Postmaster General Louis DeJoy reiterated that the Postal Service currently doesn’t have the funding available to increase the number of electric vehicles in its fleet.
“As we have reiterated throughout this process, our commitment to an electric fleet remains ambitious given the pressing vehicle and safety needs of our aging fleet as well as our fragile financial condition,” DeJoy, who was selected for the Postmaster General role during the Trump administration, said in a statement. “The process needs to keep moving forward.”
In a letter sent earlier this month, EPA associate administrator Vicki Arroyo said the USPS plan was “inconsistent” with clean-energy policies at state, federal and international levels, and called it a “crucial lost opportunity to more rapidly reduce the carbon footprint of one of the largest government fleets in the world.”

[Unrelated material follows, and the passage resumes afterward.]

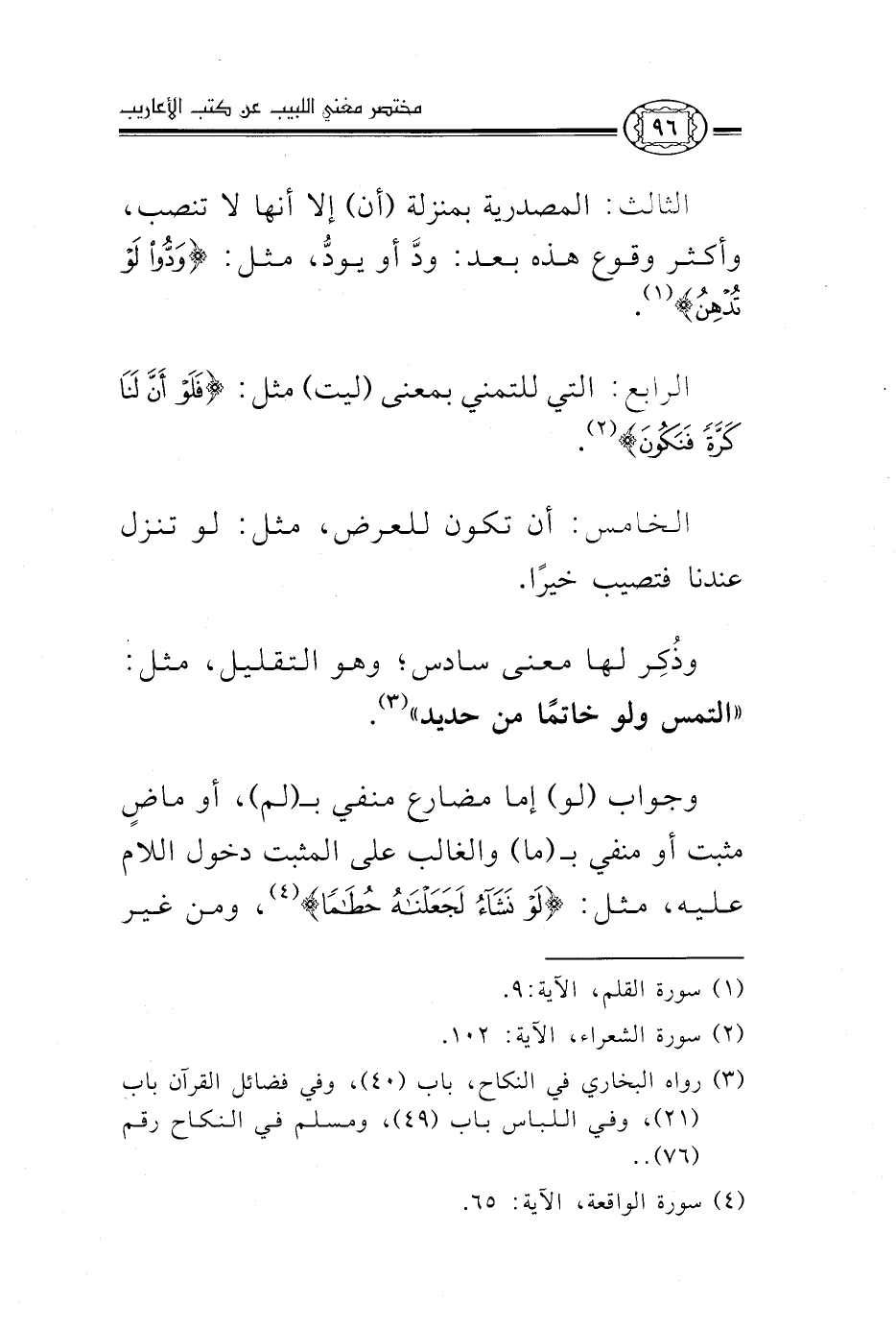 الثالث: المصدرية بمنزلة أن إلا أنها لا تنصب، وأكثر وقوع هذه بعد: ود أو يود، مثل: {وَدُّوا لَوْ تُدْهِنُ فَيُدْهِنُونَ} 1.
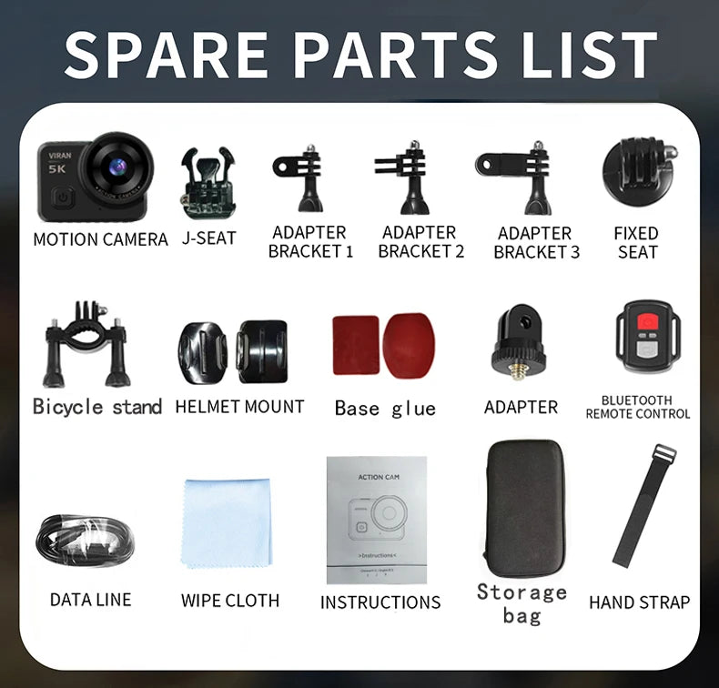 VIRAN V10 5K Action Camera Electronic Image Stabilization 2" Touch LCD 4K Waterproof Action Camera Dashcam Motion Detection

Brenda Mallory, chair of the White House Council of Environmental Quality, penned a separate letter urging USPS to improve its environmental review in accordance with the National Environmental Policy Act and adding that the agency could face repercussions from Congress or the courts if it failed to do so.
Despite their objections, the EPA and the White House can’t stop the USPS plan from happening; the USPS is an independent agency responsible for funding itself.
In a statement, Mark Guilfoil, vice president for supply management at USPS, said the agency “determined that EPA’s request for a supplemental [environmental impact statement] and public hearing would not add value to the Postal Service’s already year-long review,” adding that neither were legally required.
USPS said it will leave some flexibility to increase the number of EVs in the fleet “as financial resources become available.”
Adrian Martinez, a senior attorney at the environmental law group Earthjustice, said environmental groups would pursue litigation to get USPS to reverse course.
“DeJoy’s environmental review is rickety, founded on suspect calculations, and fails to meet the standards of the law,” Martinez said. “We’re not done fighting this reckless decision.”
CORRECTION: This story has been updated to correct DeJoy’s connection to Trump. He was selected by the USPS Board of Governors for the Postmaster General role during the Trump administration.